Het kiezen van de juiste brandpuntsafstand
De beste brandpuntsafstand voor een portret is afhankelijk van verschillende factoren:
* gewenste look: Wat voor soort look probeer je te bereiken? Natuurlijk? Dramatisch? Zacht en vleiend?
* functies van het onderwerp: Overweeg de gelaatstrekken van het onderwerp. Iemand met een prominente neus kan profiteren van een langere brandpuntsafstand. Iemand met een zeer smal gezicht ziet er misschien beter uit met een iets bredere lens (maar zorgvuldig om vervorming te voorkomen).
* Achtergrond: Hoeveel van de achtergrond wil je opnemen? Een groothoeklens is nodig voor portretten voor het milieu, terwijl een telelens ideaal is om de achtergrond te vervagen.
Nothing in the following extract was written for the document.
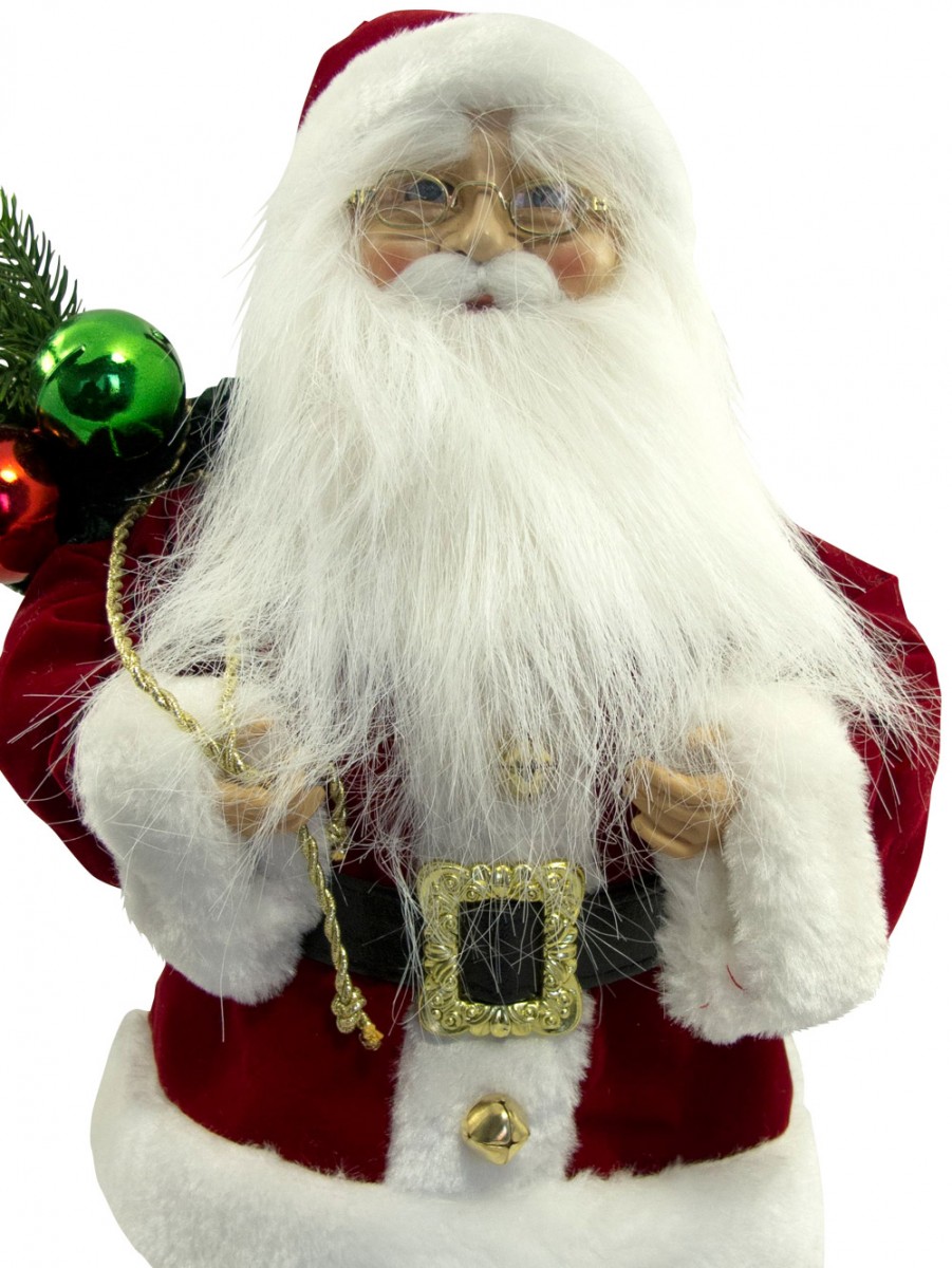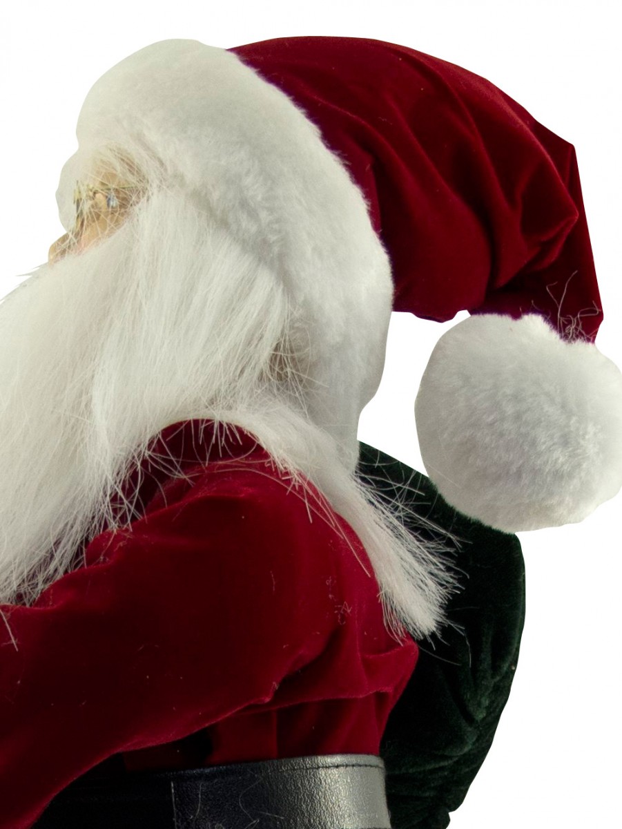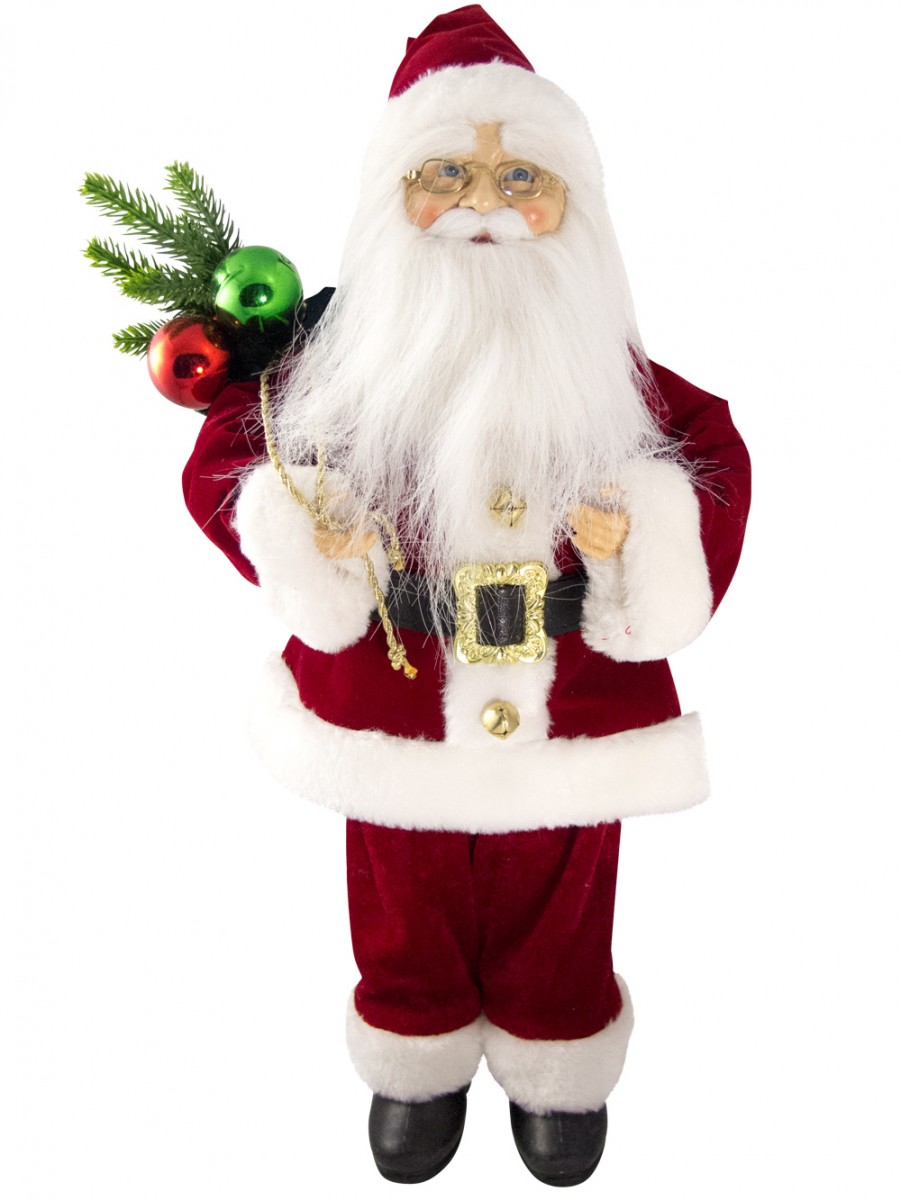 Celebrate the yuletide season with the festive ambiance everywhere! Large decorations such as this Traditional Suit Standing Santa With Sack is the perfect accessory for any jovial season celebration. This ornamental piece is a head turner which could accentuate anywhere anytime. It could be simply placed in homes, offices and any venues for that instant holiday sprucing up. The Traditional Suit Standing Decorative Santa With Sack is measured 46cm and made from the finest quality materials. It is designed with the plump Santa Claus trademark, white white beard and matching red and white hat. The eye catching yuletide accessory is also designed with the deep and regal red suit with white padded edges and classic gold glasses and belt buckle. The Santa pants have the red palette with white padded edging. Santa is also holding a sack with a combination of baubles, pine twigs and wrapped gifts.

* Je opnamestijl: Heeft u liever nauw contact met uw onderwerp, of houdt u de voorkeur aan een afstand?
Experimenten is de sleutel
De beste manier om de effecten van de brandpuntsafstand op portretten te begrijpen, is door te experimenteren! Neem hetzelfde portret met verschillende brandpuntsafstand en kijk hoe het gezicht verandert. Let op de afstand tussen u en uw onderwerp. Je zult snel leren welke brandpuntsafstand het beste werkt voor verschillende situaties en de gewenste esthetiek.